Blessed be God! – It is the song of the universe, in which heaven and earth take responsive parts. “When the morning stars sang together and all the sons of God shouted for joy,” this concert began, and continues still through the travail of creation and the sorrow and sighing of men. The work praises the Master. All sinless creatures, by their order and harmony, by the variety of their powers and beauty of their forms and delight of their existence, declare their Creator’s glory. That praise to the Most High God which the lower creatures act instrumentally, it is man’s privilege to utter in discourse of reason and music of the heart. Man is Nature’s high priest; and above other men, the poet. Time will be, as it has been, when it shall be accounted the poet’s honour and the crown of his art, that he should take the high praises of God into his mouth, making hymns to the glory of the Supreme Maker and giving voice to the dumb praise of inanimate nature and to the noblest thoughts of his fellows concerning the Blessed God.

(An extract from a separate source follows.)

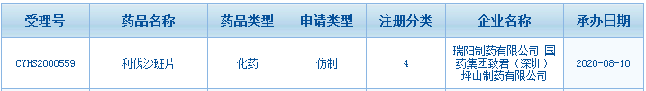 8月12日訊 日前,CDE官網(wǎng)顯示,瑞陽(yáng)制藥、國(guó)藥集團(tuán)致君(深圳)坪山制藥的利伐沙班片以仿制4類(lèi)提交上市申請(qǐng)獲得受理。米內(nèi)網(wǎng)數(shù)據(jù)顯示,近年利伐沙班片在中國(guó)公立醫(yī)療機(jī)構(gòu)終端銷(xiāo)售額快速增長(zhǎng),2019年突破超過(guò)25億元,同比增長(zhǎng)41.52%。
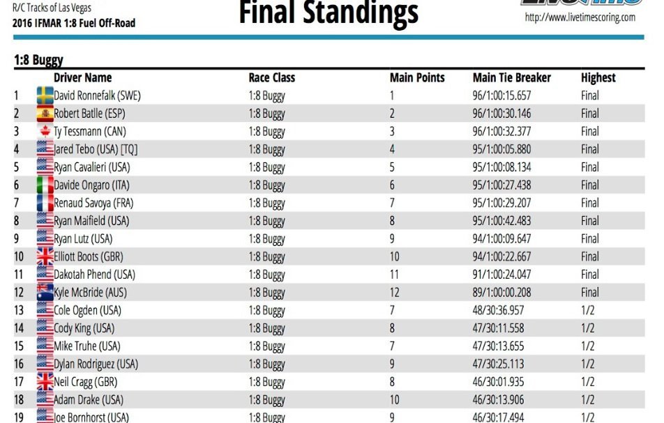 Швед Дэвид Ронефалк (David Ronnefalk) лидировал не во всех гонках, однако финальный заезд стал для него счастливым и принес желанное чемпионство. В течение последнего часа соревнований он быстро пробился в лидеры, когда его надежный багги D815 V2 (HB Racing) просто исчез в ночи на трассе Лас-Вегаса, оставляя соперников далеко позади. Остался позади и бывший обладатель титула Роберт Батл (Robert Batlle) и его сотоварищи по команде. В конечном итоге Роберт Батл (Испания) пришел вторым, а третье место досталось Ти Тиссману (Ty Tessmann) из Канады.

Blessed be God! – It is the perpetual strain of the Old Testament, from Melchizedek down to Daniel, – of David in his triumph, and Job in his misery. But not hitherto could men say, Blessed be the God and Father of our Lord Jesus Christ ! He was “the Most High God, the God of heaven,” – “Jehovah, God of Israel, who only doeth wondrous things,” – “the Shepherd” and “the Rock” of His people, – “the true God, the living God, and an everlasting King”; and these are glorious titles, which have raised men’s thoughts to moods of highest reverence and trust. But the name of Father , and Father of our Lord Jesus Christ , surpasses and outshines them all. With wondering love and joy unspeakable St Paul pronounced this Benedictus . God was not less to him the Almighty, the High and Holy One dwelling in eternity, than in the days of his youthful Jewish faith; but the Eternal and All-holy One was now his Father in Jesus Christ. Blessed be His name: and let the whole earth be filled with His glory!